━━ DATA TO EXAMINE ━━

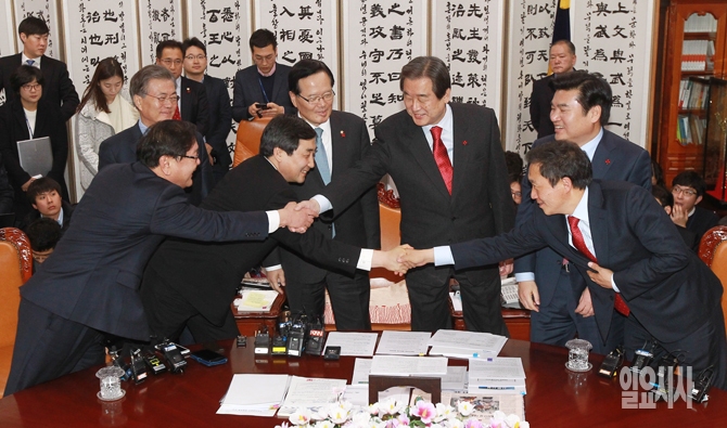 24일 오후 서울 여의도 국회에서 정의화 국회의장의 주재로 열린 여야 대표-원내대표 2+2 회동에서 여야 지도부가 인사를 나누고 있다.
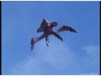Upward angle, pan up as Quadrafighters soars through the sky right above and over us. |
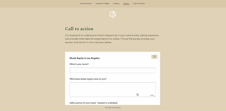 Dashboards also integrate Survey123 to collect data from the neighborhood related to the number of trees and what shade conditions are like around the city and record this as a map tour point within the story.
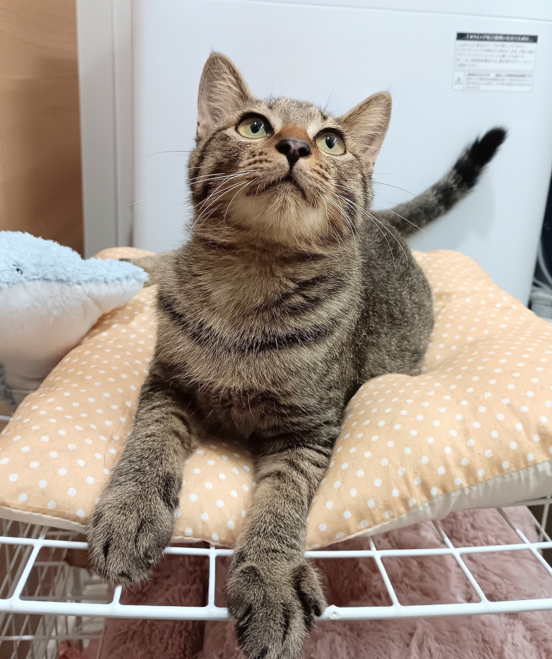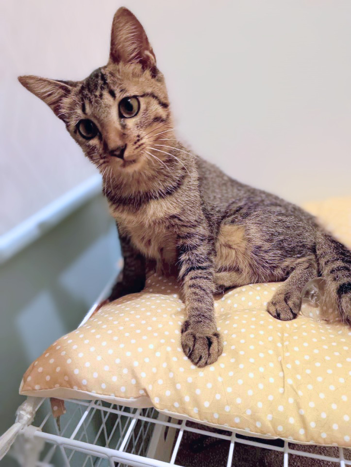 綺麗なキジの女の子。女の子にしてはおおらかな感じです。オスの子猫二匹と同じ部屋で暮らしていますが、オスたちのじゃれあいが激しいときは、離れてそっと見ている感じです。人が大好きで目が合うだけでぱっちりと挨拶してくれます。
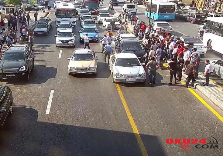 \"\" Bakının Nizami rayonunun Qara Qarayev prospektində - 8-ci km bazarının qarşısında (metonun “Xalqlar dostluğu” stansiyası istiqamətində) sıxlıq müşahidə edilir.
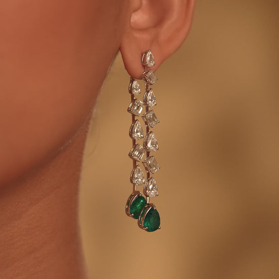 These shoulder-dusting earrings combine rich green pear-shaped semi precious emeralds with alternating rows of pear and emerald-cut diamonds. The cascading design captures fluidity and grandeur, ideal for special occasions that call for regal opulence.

━━━

ASSIGNMENT: The response must restate exactly the lines from the one containing "Dashboards also integrate" through the end of the records above and must leave out all pictures.

COMPLETED EXERCISE:
 Dashboards also integrate Survey123 to collect data from the neighborhood related to the number of trees and what shade conditions are like around the city and record this as a map tour point within the story.
 綺麗なキジの女の子。女の子にしてはおおらかな感じです。オスの子猫二匹と同じ部屋で暮らしていますが、オスたちのじゃれあいが激しいときは、離れてそっと見ている感じです。人が大好きで目が合うだけでぱっちりと挨拶してくれます。
 \"\" Bakının Nizami rayonunun Qara Qarayev prospektində - 8-ci km bazarının qarşısında (metonun “Xalqlar dostluğu” stansiyası istiqamətində) sıxlıq müşahidə edilir.
 These shoulder-dusting earrings combine rich green pear-shaped semi precious emeralds with alternating rows of pear and emerald-cut diamonds. The cascading design captures fluidity and grandeur, ideal for special occasions that call for regal opulence.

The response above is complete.